| 研究概要 |
小腸粘膜固有層(sLP)の抗原提示細胞のサブセットの分化を特異的に制御する転写因子は十分明らかではない。我々は、分化制御を担う転写因子として、canonical Notchシグナルに必須の転写因子RBP-Jに着目し、CD11c-Cre RbpjF/Fマウスにおいて管空側の抗原を取り込む機能を有したCX3CR1+ sLPC が欠損し、CD11clow sLPC が出現すること見出してきた。

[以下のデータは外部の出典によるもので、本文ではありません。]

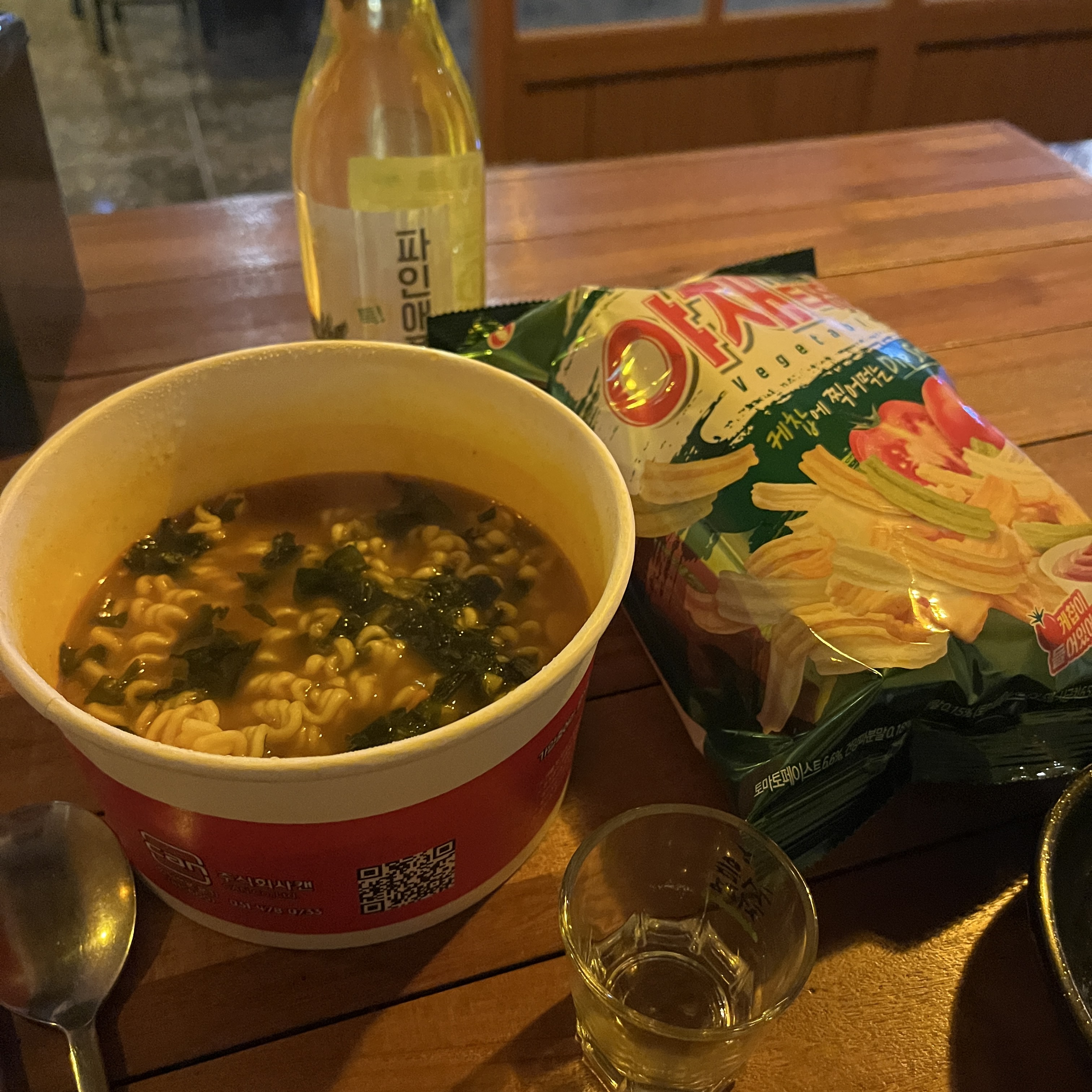 저는 이날 아무것도 안사가서 야채타임 한개와 오동통면 한개 사서 먹었습니답.

本研究では、CX3CR1+ sLPCの分化に重要な責任受容体はNotch1,2であることを明らかにした。また、単球を試験管内において、Delta like-1 (Dll1)またはJagged1(Jag1)、およびM-CSF存在下で培養すると、リガンド非存在下と比較してCX3CR1+ sLPC様細胞を優位に誘導することができる。しかし、上皮細胞特異的なリガンド欠損マウスにより、腸管上皮細胞からのDll1, Jag1リガンドは必要ないことが示唆された。さらに、内在性Rbpjの欠損により出現したCD11clow sLPCは、CX3CR1+ sLPCと同じCX3CR1+単球から分化しているが、培養してもCX3CR1+ sLPCに変化しないことより、CX3CR1+ sLPCの前駆細胞ではないことが示唆された。CD11c-Cre RbpjF/FマウスにT細胞依存的大腸炎モデル、腸管寄生性線虫の感染モデルを適応したが、顕著な変化を認めなかった。よって、CX3CR1+ sLPCとCD11clow sLPCは細胞系列・機能が類似した細胞であると考えられるが、Notchシグナルの欠損により、異なる性質の細胞に分化が偏向したと推測できる。
以上の結果から、Notch1,2-RBP-JシグナルはCX3CR1+ sLPCの分化を制御することを通じて、腸管免疫応答の恒常性維持に寄与していると考えられる。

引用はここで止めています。